9  Clustering

9.1 Lecture Slides

View slides in full screen

9.2 Lab

9.2.1 Are red wines of the Langhe region different?

The data consits of 177 samples of red wine produced in the municipalities of (and bordering) Alba, Morra and Barolo. In fact, the data is complete because the variable vintages identifies the grape variety. Let us suppose that we don’t know the variety. Our goal is to study which groups get “detected” by the clustering algorithms.

The 13 organoleptic characteristics available in the dataset are:

  • alcohol percentage of alcohol in the wine
  • malic.acid concentration of malic acid
  • ash mineral content remaining after burning the sample
  • ash.alkalinity alkalinity level of the ash
  • magnesium magnesium content
  • total..phenols amount of phenolic compounds
  • flavanoids a specific class of phenolic compounds affecting taste and color
  • non.flav..phenols phenols that are not flavonoids
  • proanth compounds contributing to bitterness and astringency
  • color..int strength of wine color
  • col..hue shade of the wine color
  • OD.ratio ratio measuring phenolic concentration using spectrophotometry
  • proline amino acid concentration related to grape ripeness

Load the data and and glimpse at the data

library(dplyr)
library(ggplot2)
library(factoextra)
library(ade4)
library(pheatmap)
library(RColorBrewer)
library(GGally)

load("slides/data/vini.rda")
glimpse(vini)
Rows: 177
Columns: 14
$ vintages          <fct> Barolo, Barolo, Barolo, Barolo, Barolo, Barolo, Baro…
$ alcohol           <dbl> 13.20, 13.16, 14.37, 13.24, 14.20, 14.39, 14.06, 14.…
$ malic.acid        <dbl> 1.78, 2.36, 1.95, 2.59, 1.76, 1.87, 2.15, 1.64, 1.35…
$ ash               <dbl> 2.14, 2.67, 2.50, 2.87, 2.45, 2.45, 2.61, 2.17, 2.27…
$ ash.alkalinity    <dbl> 11.2, 18.6, 16.8, 21.0, 15.2, 14.6, 17.6, 14.0, 16.0…
$ magnesium         <dbl> 100, 101, 113, 118, 112, 96, 121, 97, 98, 105, 95, 8…
$ tot..phenols      <dbl> 2.65, 2.80, 3.85, 2.80, 3.27, 2.50, 2.60, 2.80, 2.98…
$ flavonoids        <dbl> 2.76, 3.24, 3.49, 2.69, 3.39, 2.52, 2.51, 2.98, 3.15…
$ non.flav..phenols <dbl> 0.26, 0.30, 0.24, 0.39, 0.34, 0.30, 0.31, 0.29, 0.22…
$ proanth           <dbl> 1.28, 2.81, 2.18, 1.82, 1.97, 1.98, 1.25, 1.98, 1.85…
$ col..int.         <dbl> 4.38, 5.68, 7.80, 4.32, 6.75, 5.25, 5.05, 5.20, 7.22…
$ col..hue          <dbl> 1.05, 1.03, 0.86, 1.04, 1.05, 1.02, 1.06, 1.08, 1.01…
$ OD.ratio          <dbl> 3.40, 3.17, 3.45, 2.93, 2.85, 3.58, 3.58, 2.85, 3.55…
$ proline           <dbl> 1050, 1185, 1480, 735, 1450, 1290, 1295, 1045, 1045,…

9.2.1.1 Data wrangling and exploration

Display the matrix of all correlations between the measurements in a heatmap.
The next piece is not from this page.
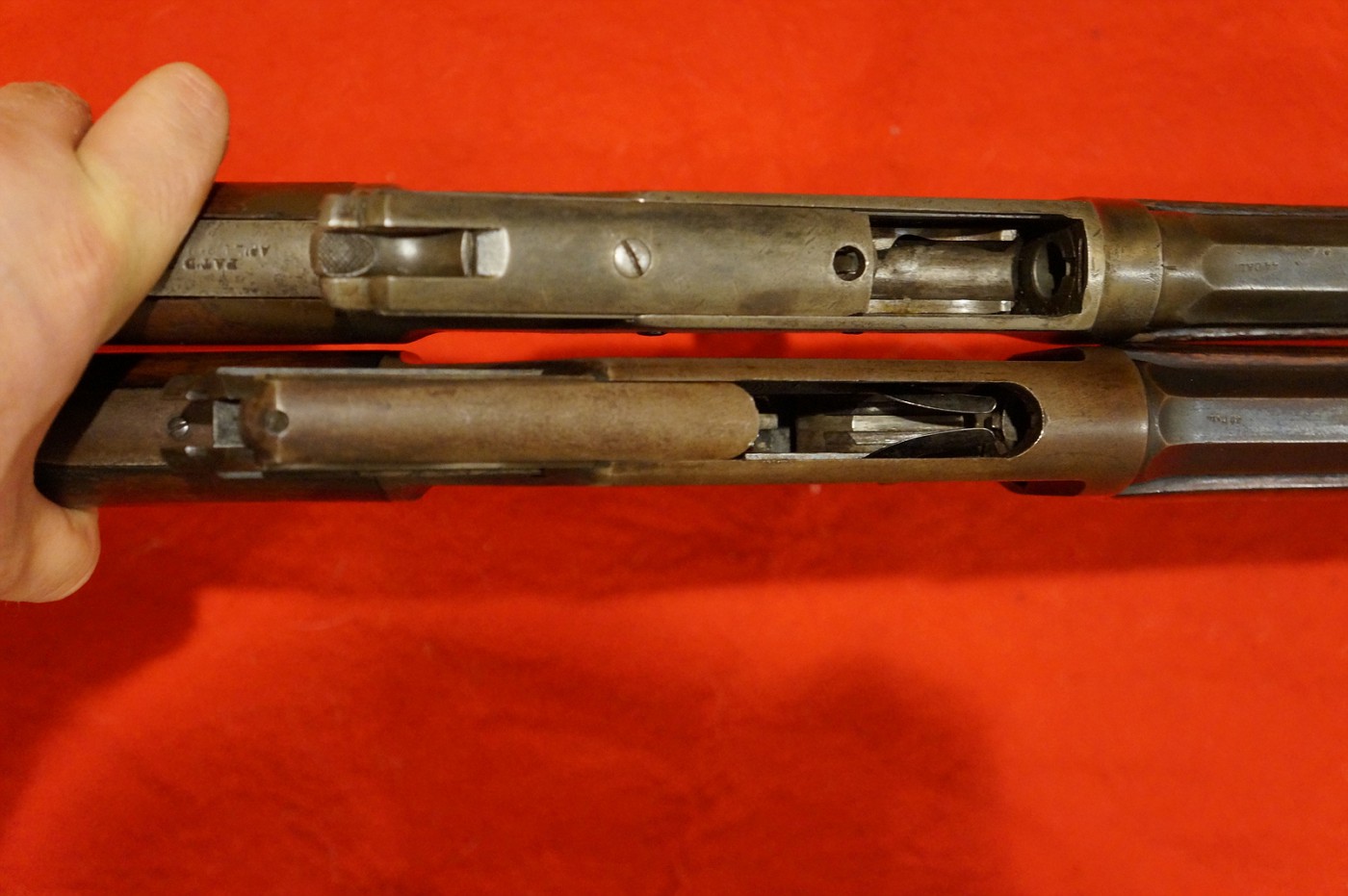 Очень странное и трепетное чувство. Как будто руками распаковываешь историю. Копия моего Винчестера 1894 по сравнению с этим динозавром - как Кадиллак СТС рядом с Шевроле Бел Эйр.

What do you notice ?

pheatmap(cor(vini[,-1]), cell.width = 10, cell.height = 10)

Produce all pairwise scatterplots for the vini data (except vintages)
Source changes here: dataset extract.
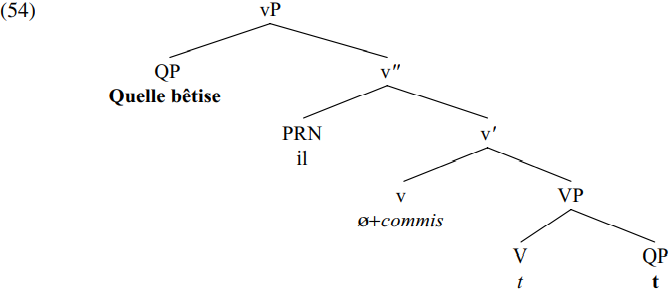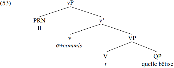 Let’s look first at the derivation of (52a). The QP quelle betise ˆ ‘what blunder’ in (52a) is merged as the complement of the verb commis ‘committed’ forming the VP commis quelle betise ˆ ‘committed what blunder’. The resulting VP is then merged with a null transitive light verb whose external AGENT argument is the pronoun il ‘he’; since the light verb is affixal, it triggers movement of the verb commis ‘committed’ to adjoin to the light verb, so that at the end of the vP phase we have the structure (53) below:

ggpairs(vini[, -1], axisLabels = "none")

Exercise

Does the plot tell you anything?

Try to plot the data on the PC component space

pca_vini =  prcomp(vini[,-1], scale. = TRUE)
print(summary(pca_vini))
Importance of components:
                          PC1    PC2    PC3     PC4     PC5    PC6     PC7
Standard deviation     2.1628 1.5816 1.2055 0.96148 0.92830 0.8030 0.74295
Proportion of Variance 0.3598 0.1924 0.1118 0.07111 0.06629 0.0496 0.04246
Cumulative Proportion  0.3598 0.5522 0.6640 0.73515 0.80144 0.8510 0.89350
                           PC8     PC9    PC10    PC11    PC12   PC13
Standard deviation     0.59223 0.53775 0.49680 0.47481 0.41034 0.3224
Proportion of Variance 0.02698 0.02224 0.01899 0.01734 0.01295 0.0080
Cumulative Proportion  0.92048 0.94272 0.96171 0.97905 0.99200 1.0000
fviz_pca_biplot(pca_vini, label = "var") +
  ggtitle("")

Exercise

What do you notice from the biplot? How many groups should we choose?

Now you can check your answer with the true grape variety

my_colors <- brewer.pal(n = 3, name = "Set2")
fviz_pca_biplot(pca_vini, 
                label = "var", 
                habillage = vini$vintages) +
  scale_color_manual(values = my_colors)+
  ggtitle("")

9.2.1.2 Clustering

To avoid the final outcome depends on the measurement scales of the data, distances should be calculated on “standardized variables”.

scaledvini <- scale(vini[,-1])

Compute the Euclidean distance

dist_E <- dist(scaledvini)
9.2.1.2.1 Hierarchical clustering

Perform hierarchical clustering on the scaled data using Single linkage, Complete linkage, and Ward method. What do you notice?

hclust(dist_E, method = "single") |> plot(main = "Single linkage", cex=0.5)

hclust(dist_E, method = "complete") |> plot(main = "Complete linkage", cex=0.5)

hc_W <- hclust(dist_E, method = "ward.D2") 
plot(hc_W ,main = "Ward method", cex=0.5)

Exercise
  1. Which method should we choose?
  2. How many groups should we choose?

Decision rule choose the method that:

  • Shows largest vertical gaps before merging
  • Produces compact, balanced clusters
  • Has a clear number of clusters
  • Matches your real-world understanding

From the dendrogram, we can see the Ward method has the large jump before clusters merge and a clear number of cluster. Moreover, the data is complete, so we can check if the result of the hierarchical clustering discover the true cluster, i.e., the variable vintages. We add colors by using the mypclust function from the rafalib package.

library(rafalib)
vintages <- as.character(vini$vintages)
myplclust(hc_W, labels=vintages, lab.col=as.fumeric(vintages), cex=0.5)

It does seem that hierarchical clustering using the Ward method has discovered the variety.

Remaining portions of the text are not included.